2012-06-02 Thread Adam Wolfe Gordon
On Wed, May 23, 2012 at 4:15 AM, Michal Sojka sojk...@fel.cvut.cz wrote:
 I think the current plan is to use the same decoding lookup table that
 notmuch-show is using in reply too.

 Which table do you refer to? notmuch-show-handlers-for?

Yep, that looks like the right thing.

I've been particularly busy with work and other things lately, so I
haven't had time to get this change done. If someone else wants to
work on this I'll be happy to review it; otherwise I'll try to get it
done in the next few weeks. Tomi's gnus-decoded fix went into 0.13.1
anyway, so I don't think the rest is particularly urgent.

-- Adam
___
notmuch mailing list
notmuch@notmuchmail.org
http://notmuchmail.org/mailman/listinfo/notmuch


Re: emacs complains about encoding?

2012-05-23 Thread Michal Sojka
Tomi Ollila tomi.oll...@iki.fi writes:
 Michal Sojka sojk...@fel.cvut.cz writes:

 Hello Adam,

 Adam Wolfe Gordon awg+notm...@xvx.ca writes:
 It turns out it's actually not the emacs side, but an interaction
 between our JSON reply format and emacs.

 The JSON reply (and show) code includes part content for all text/*
 parts except text/html. Because all JSON is required to be UTF-8, it
 handles the encoding itself, puts UTF-8 text in, and omits a
 content-charset field from the output. Emacs passes on the
 content-charset field to mm-display-part-inline if it's available, but
 for text/plain parts it's not, leaving mm-display-part-inline to its
 own devices for figuring out what the charset is. It seems
 mm-display-part-inline correctly figures out that it's UTF-8, and puts
 in the series of ugly \nnn characters because that's what emacs does
 with UTF-8 sometimes.

 In the original reply stuff (pre-JSON reply format) emacs used the
 output of notmuch reply verbatim, so all the charset stuff was handled
 in notmuch. Before f6c170fabca8f39e74705e3813504137811bf162, emacs was
 using the JSON reply format, but was inserting the text itself instead
 of using mm-display-part-inline, so emacs still wasn't trying to do
 any charset manipulation. Using mm-display-part-inline is desirable
 because it lets us handle non-text/plain (e.g. text/html) parts
 correctly in reply, and makes the display more consistent (since we
 use it for show). But, it leads to this problem.

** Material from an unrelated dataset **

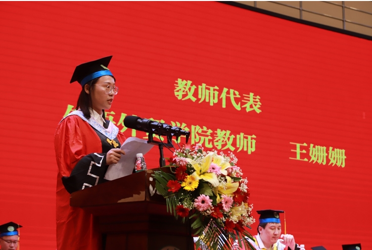 外语外贸学院教师代表王姗姗发言,她向毕业生们分享自己的人生感悟即“耐心、信心、感恩之心”!希望同学们今后能坚守一颗平常心,真诚地对待他人,热忱地对待工作,坚韧地对待困难,乐观地对待生活!最后衷心祝愿同学们在新的道路上前程似锦、梦想成真、平安快乐!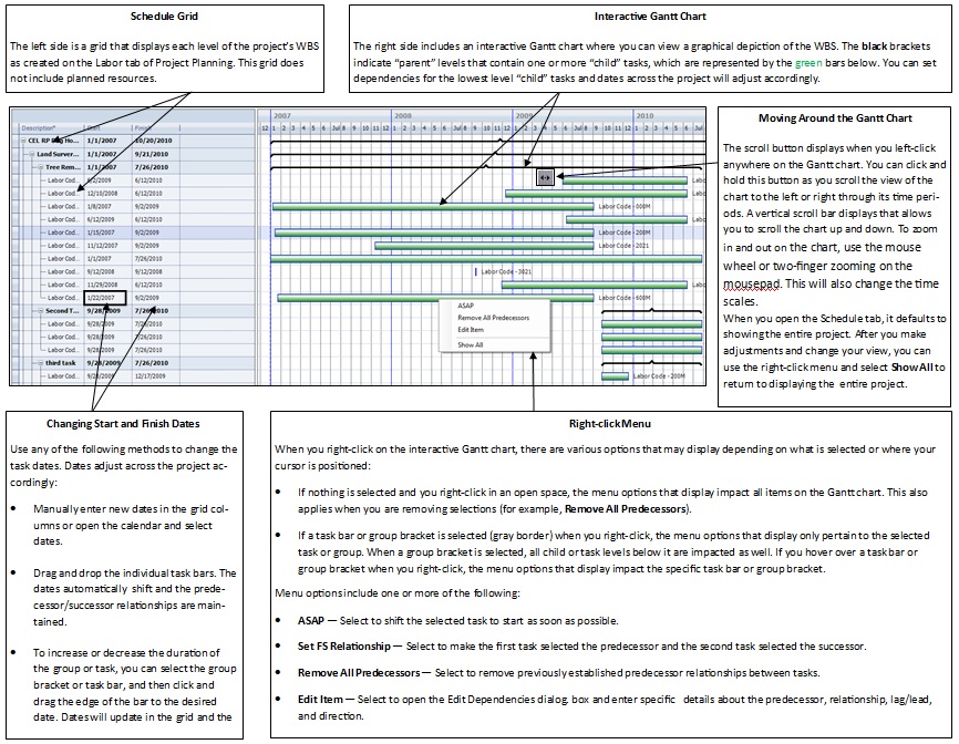 The Schedule tab includes a grid and an interactive Gantt chart where you can create dependencies between tasks.

 So, there are a couple of solutions I can see:

 1) Have the JSON formats include the original content-charset even
 though they're actually outputting UTF-8. Of the solutions I tried,
 this is the best, even though it doesn't sound like a good thing to
 do.

 2) Have the JSON formats include content only if it's actually UTF-8.
 This means that for non-UTF-8 parts (including ASCII parts), the emacs
 interface has to do more work to display the part content, since it
 must fetch it from outside first. When I tried this, it worked but
 caused the \nnn to show up when viewing messages in emacs. I suspect
 this is because it sets a charset for the whole buffer, and can't
 accommodate messages with different charsets in the same buffer
 properly. Reply works correctly, though.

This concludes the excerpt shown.